Уже перед самой дверью она вдруг услышала знакомый нарастающий шум и свист. Из-за тяжести в теле и в мыслях Соня не успела даже испугаться – просто медленно обернулась в сторону окна и увидела, как за ним множество искр летят снизу вверх в небо – уже совершенно тёмное. Ещё через миг она поняла, что и в кабинете стало темно, как ночью, а за столом никого нет.
Как выбежала на улицу, она совершенно не помнила. Вслед за валившим прошлой ночью снегом и осенним днём, который наступил с утра, за дверьми института её ждал летний вечер – обычный, тёплый летний вечер без всяких раскалённых углей и летящих в небо искр. Оглянувшись и ощущая, будто всё внутри оборвалось и до сих пор падает в бездны, Соня неровными шагами зашагала вдоль улицы, спотыкаясь о разбитую брусчатку и иногда держась за уличные фонари. Их круглые матовые шары, нанизанные на грубо выкованные металлические конструкции, неровно горели то желтоватым, то зеленоватым светом, иногда мигали, а иногда и гасли за её спиной, но успокаивали.
В глубине души она догадывалась, что всё происходит не просто так. Может, это случилось из-за чего-то забытого, а может и наоборот – из-за чего-то хорошо знакомого или даже нестираемого из памяти. Но вспоминать ей было очень трудно, а главное – не хотелось. Поэтому она больше не пыталась думать о причинах. Совершенно потеряв счёт времени, Соня дошла до своего некогда любимого места – пешеходной улицы со смотровой площадкой, которая расположилась на возвышенности над всем городом. Раньше она часто бывала здесь не одна, кроме того, десятки горожан отдыхали вечером именно тут. Но сейчас на смотровой площадке никого не было, а у заборчика, не дающего ненароком скатиться вниз по камням с высоты, всё заросло густой травой.
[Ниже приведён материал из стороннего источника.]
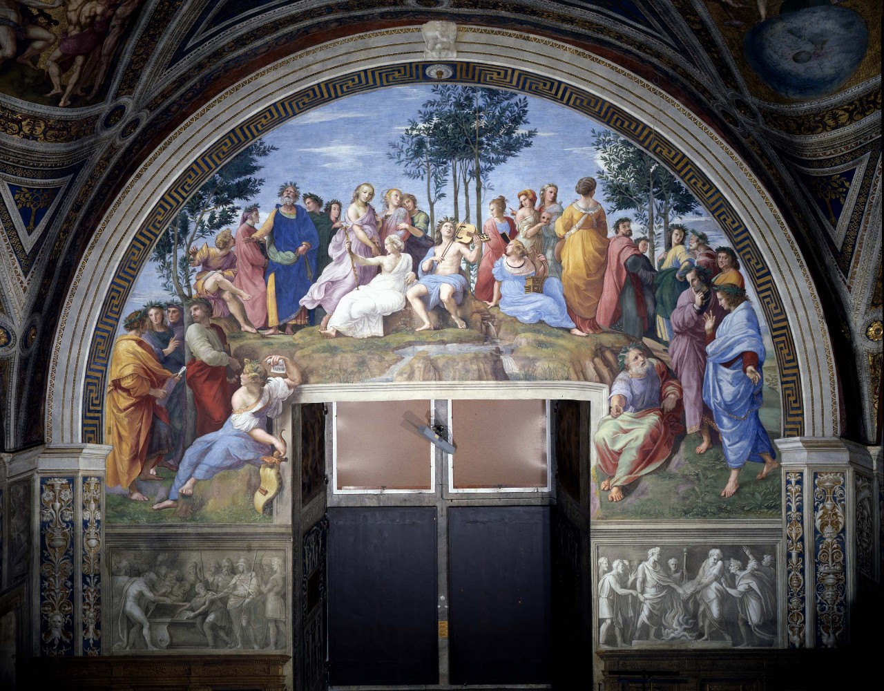 Beneath Poetry, Mount Parnassus is represented: the god Apollo, seated at the centre, plays the lyre surrounded by the nine Muses, protectresses of the arts, and by ancient and modern poets, among whom Homer (blind), Virgil and Dante are easily recognisable behind him, as well as the poetess Sapphos seated at the bottom left, with her name written on the scroll she holds in her left hand.

– Странно, – прошептала она непослушными губами. – Как же всё стало странно.
Соня облокотилась на почерневшие от времени деревянные перила, всмотрелась вдаль и поняла, что это конец. На огромном, гигантском пространстве, заполняя собой всё и врываясь в переулки, неумолимо нарастал адский шум – это вновь был свист адских ветров, это был ещё и монотонный, глухой стук, напоминающий ритуальные барабаны. Он неизбежно к ней подберётся, обязательно заполнит собой её всю, её мысли, её тело, её время. И тогда она сгорит без остатка. Ни у кого нет достаточно силы, власти или желания, чтобы отсечь уже несуществующие части её реальности, излечить и защитить оставшиеся, сохранить её мир. И осталось ли, что сохранять?
Она уже не помнила, с чего всё началось, но точно знала, чем всё закончится. Расслабив мышцы и окончательно прекратив о чём-либо думать, Соня легла на траву и закрыла голову руками. Прямо перед ней простирался вечерний город, только звучал и выглядел он уже не так, как обычно. Неумолимое шествие её личного ада продолжалось – словно поток лавы, он затекал ручьями в канавки улиц, захлёбывался в глухих тупиках, волнами разливался по проспектам. Распад нельзя было остановить – так же, как нельзя остановить набравшую скорость снежную лавину.
То, что ещё оставалось от её жизни, то, что теплилось внутри в стремлении однажды возродиться – надежда и воля, страх и вожделение, меланхолия и восторг – всё это быстро испарялось в непроглядное ночное небо. Такое же пустое, как всё, что осталось под ним.